Matroska Stem Files Independent

sam@samwhited.com https://blog.samwhited.com

General Internet Engineering Task Force audio matroska stems djing This document defines a multi-track profile of the Matroska container format for distributing stems. It is intended to be used by DJ applications and Digital Audio Workstations while remaining backwards compatible with existing media players.

Introduction Stems are recordings of individual instruments, or clusters of instruments, used by DJs and music producers for live mixing of music. Historically stems have been stored as individual audio files, or using patent-encumbered or vendor specific, proprietary container formats.
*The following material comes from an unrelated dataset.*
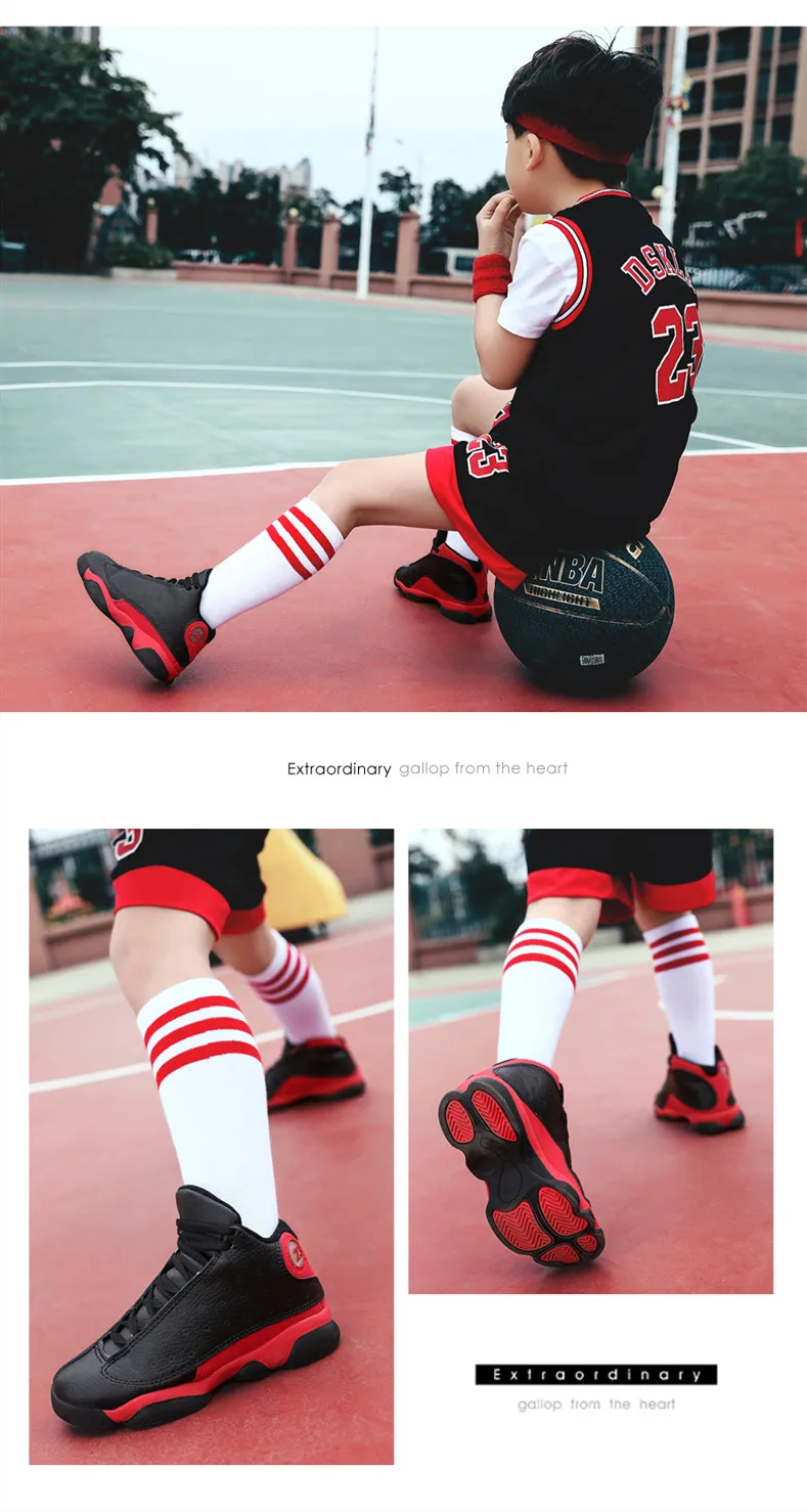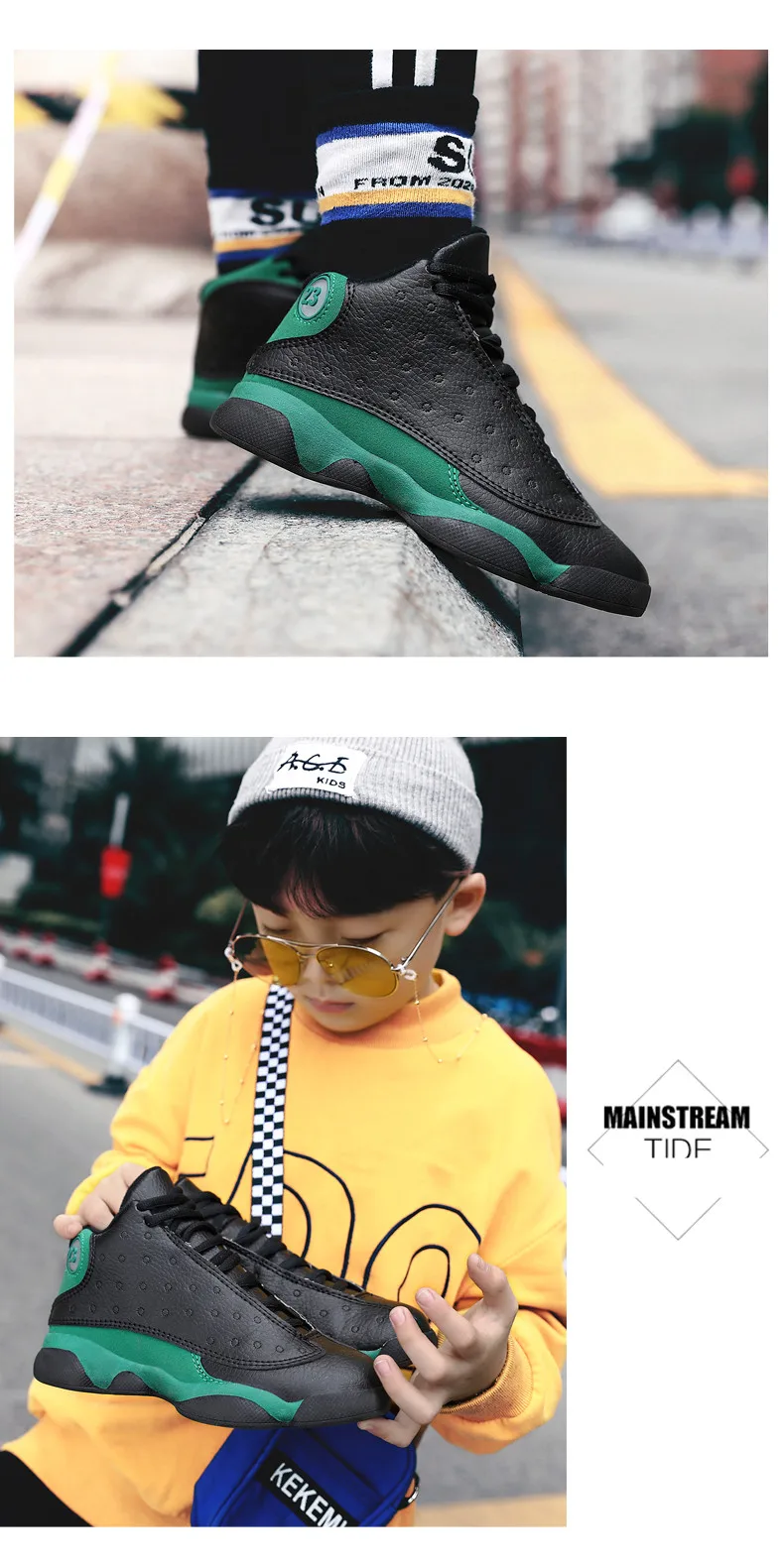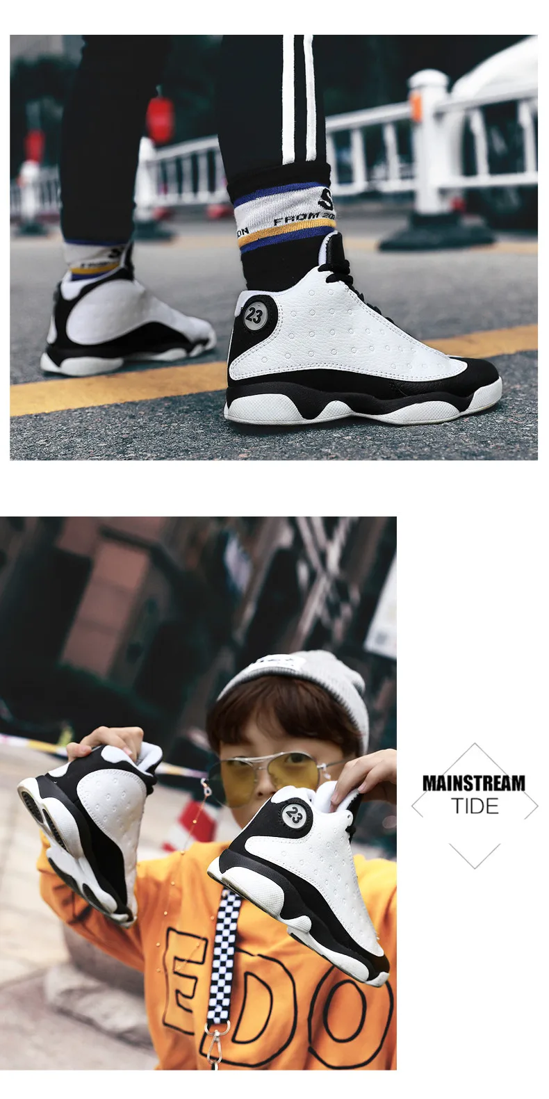 Для детей в стиле Ретро и Баскетбольная обувь модные Универсальные старшего ребенка высокие кеды для девочек Уличная обувь; Нескользящая подошва; Повседневные ботинки для мальчиков спортивная обувь

A common feature of modern software used by DJs is "dynamic" or "live" stem separation where the DJ software attempts to algorithmically separate the audio signals in a track to allow the DJ to mute, solo, or apply effects to individual instruments. The results of such dynamic separation vary but are, generally speaking, noticeably different from the original stems used by the producer and frequently contain distortions and other artifacts that sound undesirable. A better model is to have the producer release the original stems along with the original track. This allows the final mix to sound closer to the producers original vision for the track, even while it is being remixed and re-interpreted by a DJ or another artist. This specification documents a profile for the Matroska container format that allows it to store the final mix for a track alongside the lossless or lossy stems used to mix the track in a single file. The target consumer of these stem files are DJ applications meant for live remixing and performance, as well as Digital Audio Workstations (DAWs) used by producers who want their music to be remixed.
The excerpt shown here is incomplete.